I am stuck so any help would be greatly appreciated.
11-13-2015 11:19 AM
11-13-2015 12:12 PM
This doesn't strike me as a cluster analysis either.
It strikes me more as equivalent to a "market basket" analysis, where companies analyze which products are purchased together.
But I have never done a market basket analysis. So that's all I can say.
11-14-2015 03:33 PM
To cluster the species and illustrate their association with gear and depth, I would start with correspondence analysis. Try this:
data fishNumbers; length tripID $16; input Trip $ Fish_species_1 Fish_species_2 Fish_species_3 Fish_species_4 Depth Gear $; tripID = catx(" ", Trip, Gear, depth); drop trip gear; datalines; A 10 3 6 9 22 trap B 7 8 11 7 31 trap C 6 0 0 4 55 hook ... ; proc corresp data=fishNumbers; var Fish_species_:; id tripID; run;
look at the resulting graph. Distance between species and between species and trips indicate co-occurrence (correspondence).
11-16-2015 09:25 AM
Very helpful PG. Thanks.
In my first post I had an idea of how I wanted to organize the data. However, this weekend I failed at getting my data organized in the way that I like. I am hoping somebody can help me reorganize my data. My attempts at proc summary have been unsuccessful.

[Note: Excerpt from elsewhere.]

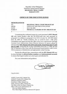Branch 143 of the Makati RTC will be closed starting Monday, July 27, after an employee tested positive for COVID-19. This is based on a memo from Executive Judge of the Makati RTC Elmo Alameda uploaded on the SC Twitter account./SC/
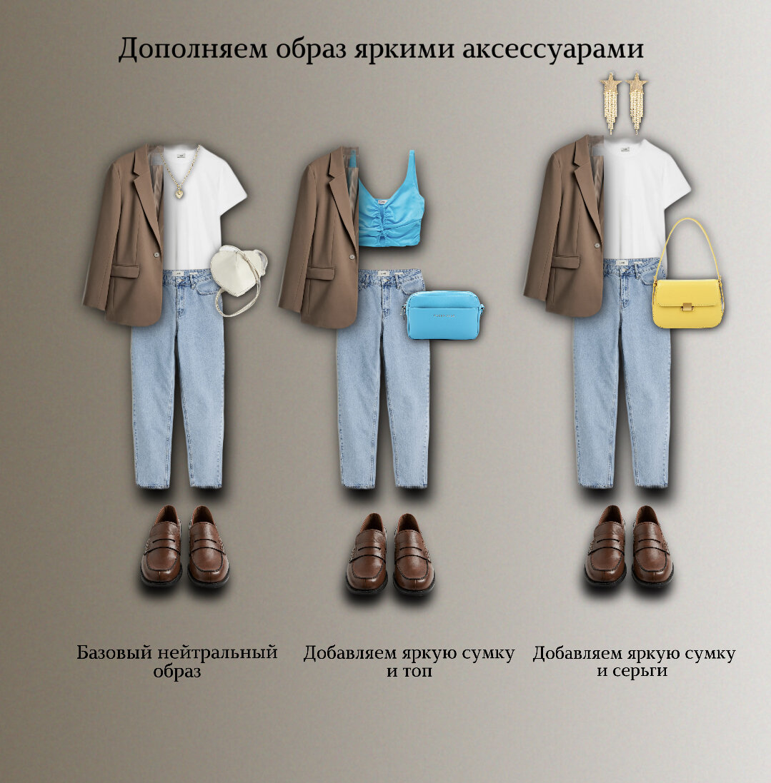 Дополняем образы аксессуарами, принтом, яркими вещами

I have multiple rows for the same trip. Each row is for a specific fish species. Here is an exaple of what I have:
Trip Gear Species depth pounds
A trap fish1 55 12
A trap fish2 55 4
A trap fish3 55 3
B trap fish2 40 18
B trap fish4 40 16
C hook fish3 59 21
C hook fish4 59 5
I want SAS to summarize my landings in pounds for each species for each trip. So each row is one trip. I want SAS to modify my data into the format show below:
Trip Gear Depth fish1 fish2 fish3 fish4
A trap 55 12 4 3 0
B trap 40 0 18 0 16
C hook 59 0 0 21 5
Any help would be greatly apprcieated.
11-16-2015 11:47 AM
What you need for corrrespondence analysis are fish numbers, not pounds. Assuming you got numbers :
data have; length trip gear species $16; input Trip Gear Species depth number; datalines; A trap fish1 55 12 A trap fish2 55 4 A trap fish3 55 3 B trap fish2 40 18 B trap fish4 40 16 C hook fish3 59 21 C hook fish4 59 5 ; proc sort data=have; by trip gear depth species; run; data fish; set have; tripID = catx(" ", Trip, Gear, depth); run; proc corresp data=fish; tables tripID, species; weight number; run;